Putin cosechó una considerable popularidad gracias a la sensación de pánico y a su victoria en la confrontación militar. También aprovechó aquellos meses para formar y promover el Partido de la Unidad, la nueva plataforma política de Yeltsin, que concentró casi el 25% de los votos y solo quedó por detrás del Partido Comunista en las elecciones parlamentarias del 19 diciembre de 1999.
El mismo día que Yeltsin dimitió, el 31 de diciembre, Putin aprobó un decreto que exoneraba a su valedor y sus familiares de cualquier delito de corrupción. Era un gesto de gratitud hacia un hombre que no solo le había dejado en herencia su despacho sino también su partido, que apoyó, con una agenda conservadora y nacionalista, todas sus decisiones en la Segunda Guerra de Chechenia. Meses después, en marzo, también le ayudó a ganar las elecciones presidenciales con más de un 50% de los votos en la primera vuelta.
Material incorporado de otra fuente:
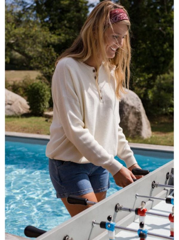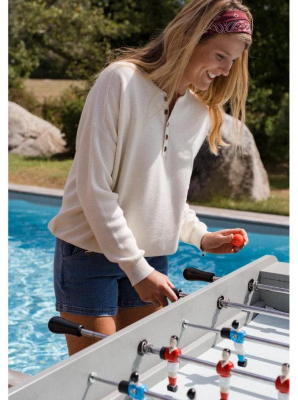 Certifié GOTS, on adore ces délicieux boutons qui réinterprètent avec modernité l’encolure ronde classique.
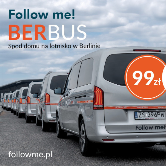 Transfery na lotnisko BER oferuje szczeciński przewoźnik Follow me! Dzięki usłudze BERBUS, na lotnisko w Berlinie można dojechać bezpośrednio spod domu.

Parece difícil discutir que la crisis económica, que derivó en crisis social y política en 1998 y 1999, contribuyó de un modo considerable a que los rusos le diesen su confianza a un halcón como Vladímir Putin y a una formación “ultra” como el Partido de la Unidad. ¿Hasta qué punto cabe esperar que una suspensión de pagos o una crisis como la que ahora se anuncia para Rusia con las sanciones no vayan a fortalecer otra vez a un líder que explota como pocos la guerra, la miseria y el miedo?